Electric Potential Difference homework

[spoonthrower]

Point A is at a potential of +220 V, and point B is at a potential of -120 V. An alpha-particle is a helium nucleus that contains two protons and two neutrons; the neutrons are electrically neutral. An alpha-particle starts from rest at A and accelerates toward B. When the alpha-particle arrives at B, what kinetic energy (in electron volts) does it have? Plz help. thanks.

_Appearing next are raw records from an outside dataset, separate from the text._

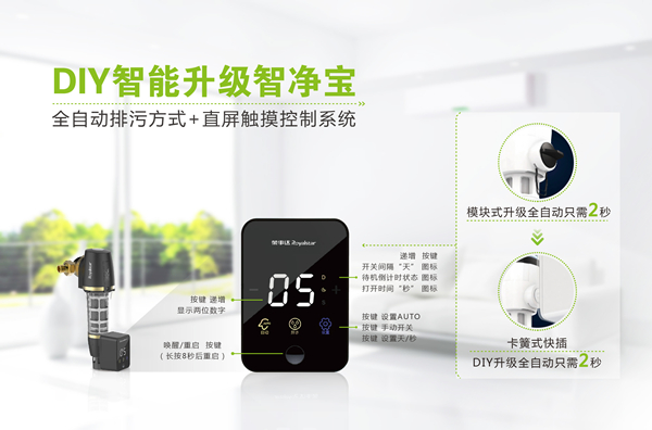 值得一提的是,為進一步方便用戶使用,提升產品體驗,榮事達為第五代、第六代智能前置過濾器分別打造兩款定制化新品,量身融入智凈寶自動排污模塊,2秒即可直接加裝升級。專屬定制的DIY智凈寶配備了直屏觸控排污系統,輕觸即可任意設置排污時間和排污天數,實現完全自主排污;獨特排污閥閉合自檢能力,徹底排除漏水風險,方便省心,使用無憂。
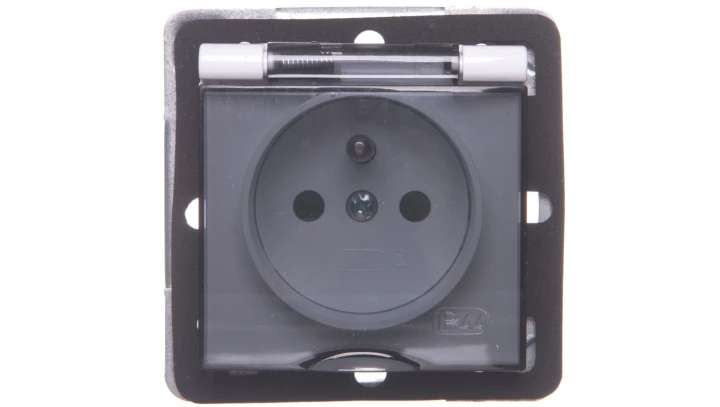 Simon 54 Gniazdo bryzgoszczelne z/u IP44 z klapką transparentną antracyt DGZ1BZ.01/48A
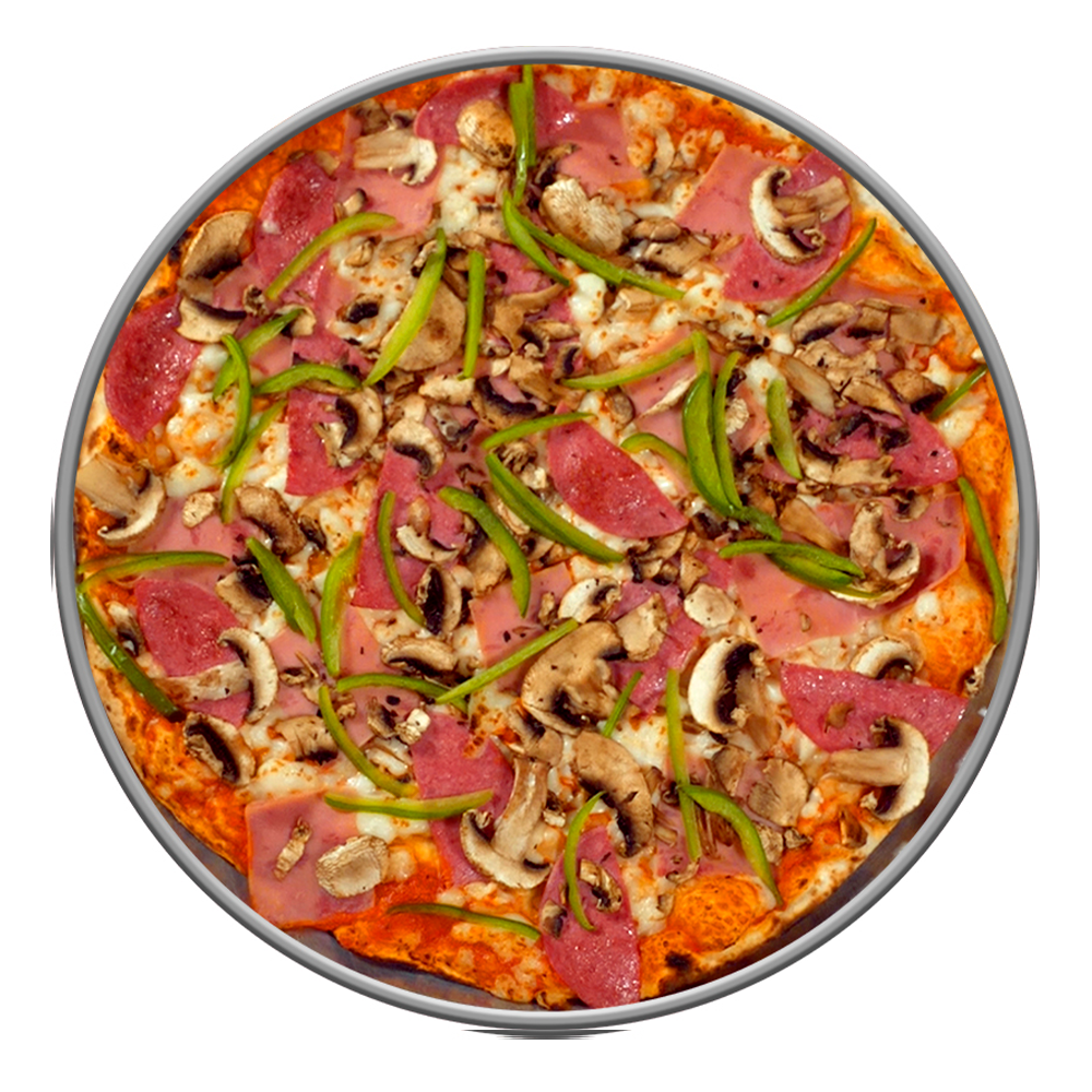 Jamón, salami, pimiento verde y champiñón.
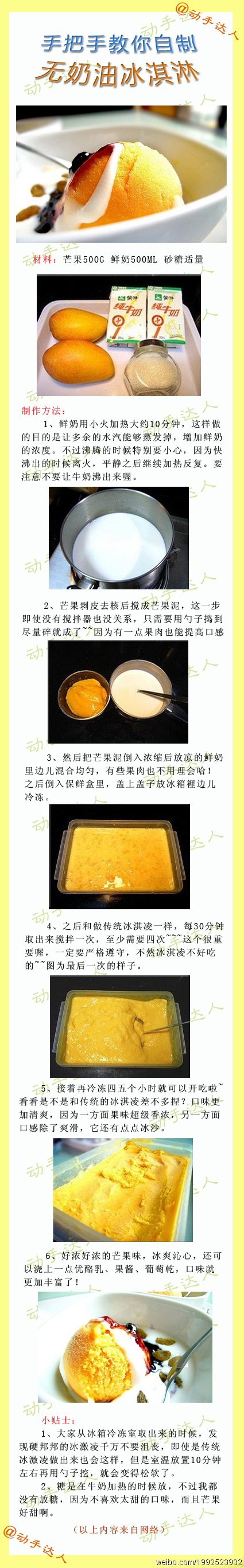 【DIY一分钟做冰淇凌】 方法: 1)提前将买来的水果味果冻(大约4个大果冻约200克左右)放入冰箱冷冻室里冷冻1夜。 2)将冻好的果冻取出,切成小块儿,放入搅拌机中,倒入鲜奶油(220ml),搅拌1分钟即可。
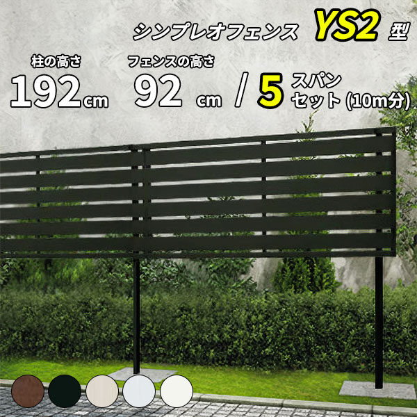【SY1F型の後継品】 YKK YKKAP 目隠しフェンス シンプレオフェンス YS2型 5スパンセット 距離 10m × 高さ 192cm フェンス上段92cmのみ
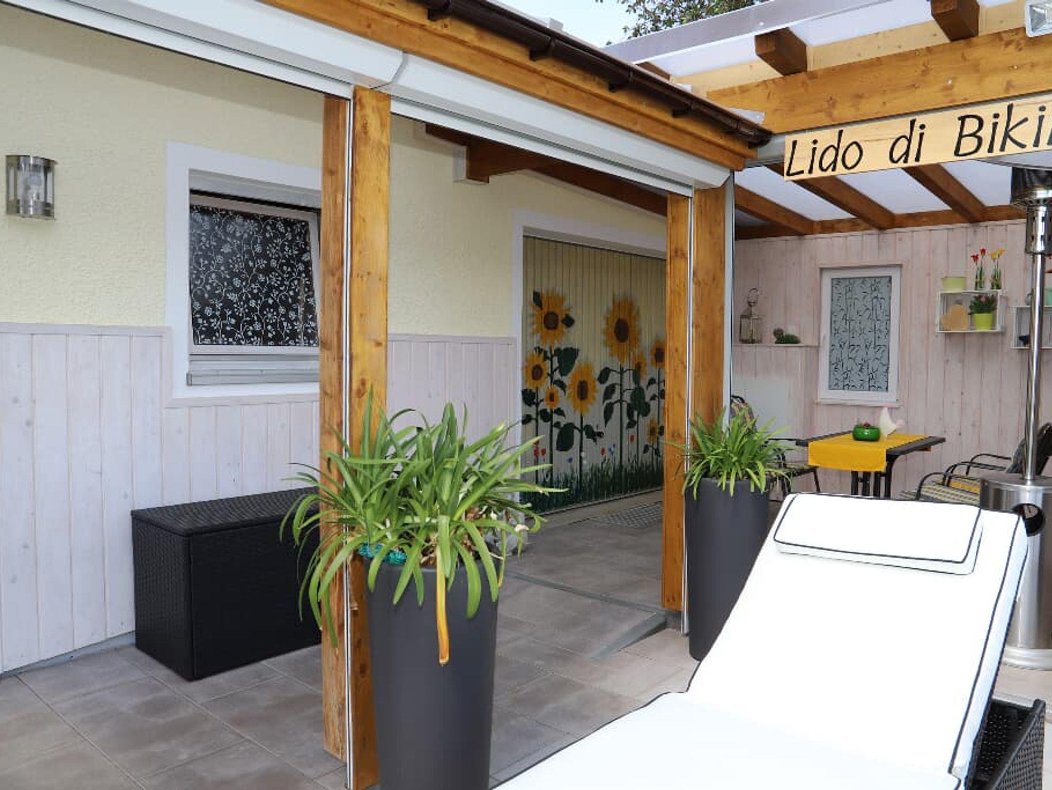 Das Einzimmer-Apartment für 2 Personen im Obergeschoß, kann auch zur Erweiterung der FeWo`s genutzt werden. Nehmen Sie hierzu Kontakt mit uns auf (XXXXXX oder Mail an ). In unserem gepflegten Garten finden Sie Erholung und Entspannung. Pergola und Terrasse mit Grill. Keine Haustiere.
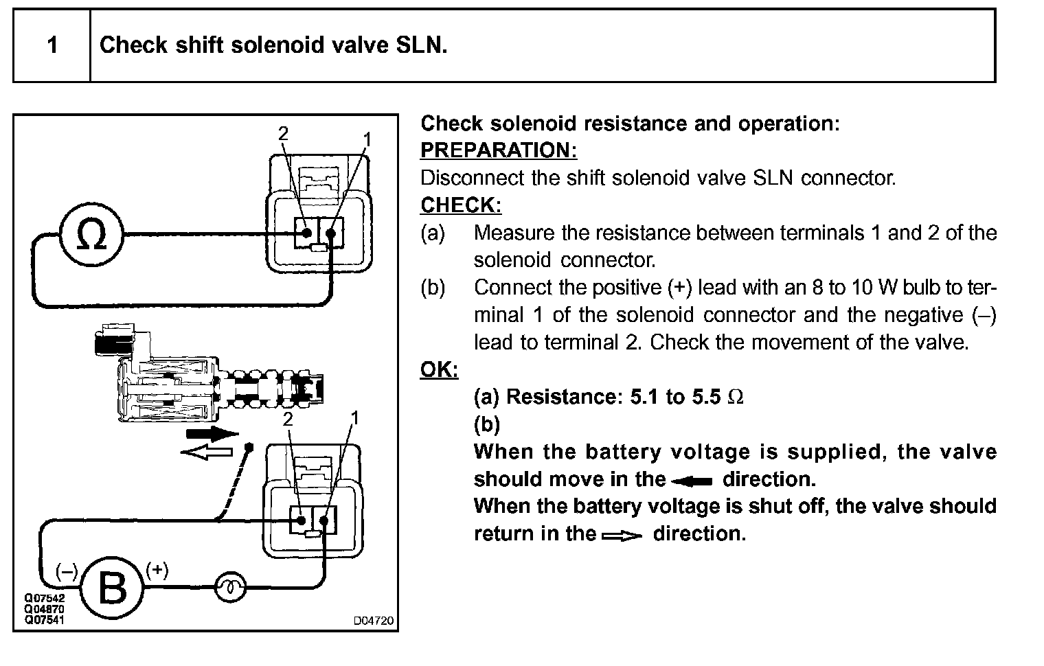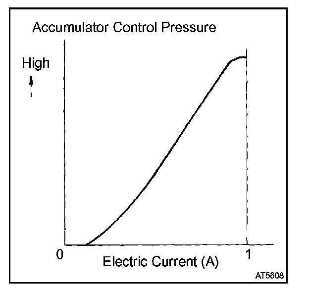 The shift solenoid valve SLN controls the oil pressure to the accumulator control valve to reduce transmission gearshift shock.
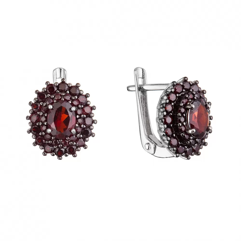 Luxusné strieborné náušnice bohato vysadené pravými granátmi zvýraznia každú dámu!
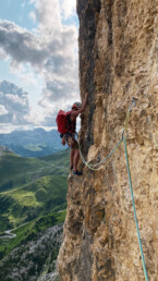 We took on a beautiful but sparsely protected route – a real adventure. It pushed us mentally and physically, but step by step we made it to the top. Just in time for sunset.
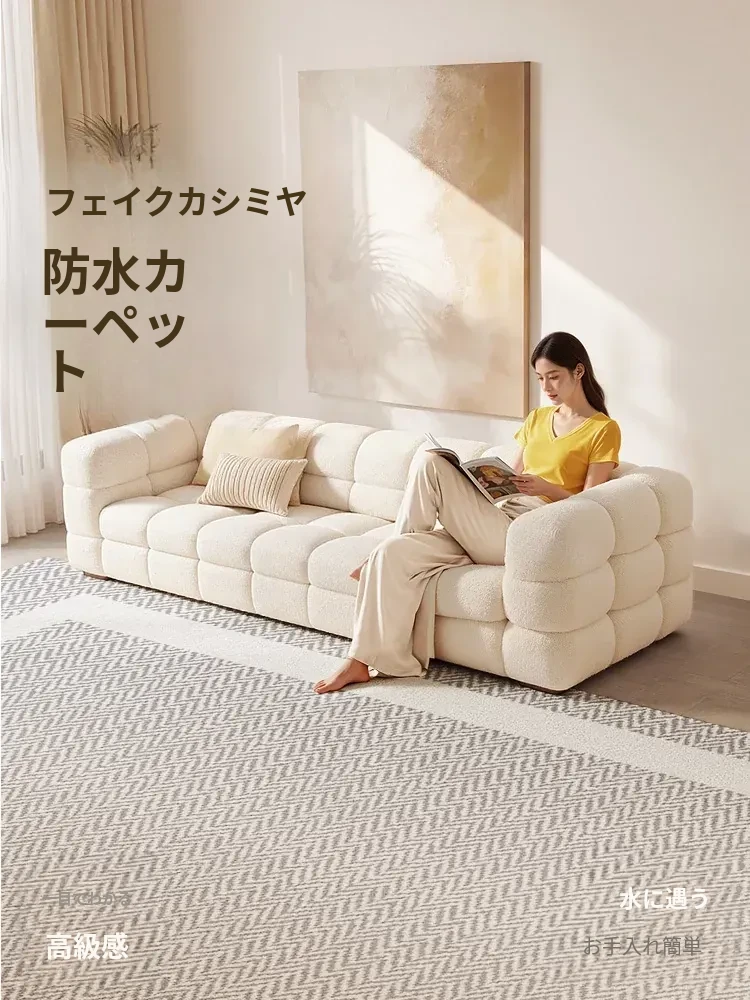 ニュージーランドウールカーペット・リビングルーム用2025年新作!防水&お手入れ簡単、ベッドサイドにもぴったりなシンプルで高級感あふれるマット。
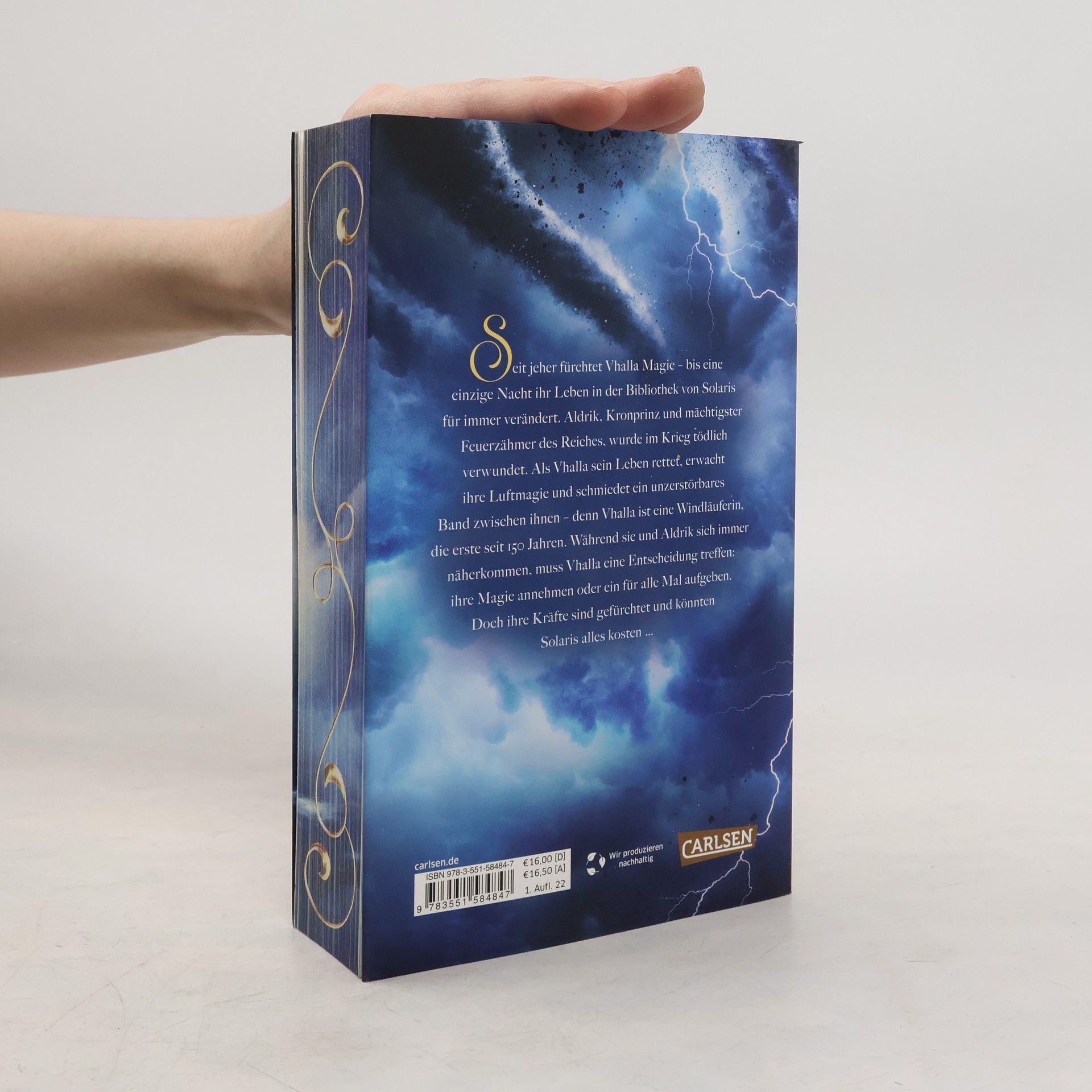 Eine junge Frau entdeckt ihre verloren geglaubte Gabe, während ein Prinz mit der Macht über das Feuer in eine gefährliche Lage gerät. Vhalla führt ein glückliches Leben in ihrer Welt der Bücher, bis eine Nacht alles verändert. Aldrik, der Kronprinz und mächtigste Feuerzähmer, wird im Krieg schwer verletzt. Als Vhalla ihm das Leben rettet, erwacht ihre Magie und verbindet sie untrennbar mit Aldrik – sie ist die erste Windläuferin seit 150 Jahren. Doch ihre Luftmagie ist gefürchtet und darf niemandem, vor allem nicht dem Kaiser, bekannt werden. Während die Kämpfe im Norden toben, entwickelt sich eine tiefere Verbindung zwischen Aldrik und Vhalla. Ihre Liebe birgt jedoch das Risiko, ganz Solaris in Flammen aufgehen zu lassen. Diese magische Romantasy-Saga ist geprägt von Action, Drama und einer bittersüßen Liebe, die das Herz berührt. Leser*innen sind begeistert und schwärmen von der fesselnden Handlung und den emotionalen Wendungen, die sie bis zur letzten Seite in ihren Bann ziehen. Die Reihe umfasst fünf Bände, die die Abenteuer von Vhalla und Aldrik weiterverfolgen.

Here are my thoughts so far... i know the mass of the alpha particle is 4 amu. The charge of the alpha particle is 2e. 6.25*10^18=1e so the charge of the alpha particle is 3.2*10^-19 C. I think i should use the following equation to solve this problem: KE=q(VA-VB). this will give me the answer in volts, however i need eV so 1V=1eV/(1.6*10^-19 C) When i plug in these numbers i am not getting the right answer. please let me know what i am doing wrong. thanks.

 

[Doc Al]

Since you want the answer in eV, no point in converting charge to Coulombs (and back). Your equation is correct: KE=q(VA-VB). What's q? What's Va-Vb?

 

[spoonthrower]

would q be equal to 2 since their are 2 e's in an alpha particle? And VA=220 and VB=-120 so KE=2(220-120)? thanks.

 

[Doc Al]

Almost.

q = 2e. Va = 220V; Vb = -120V; so, Va-Vb = (220V) - (-120V).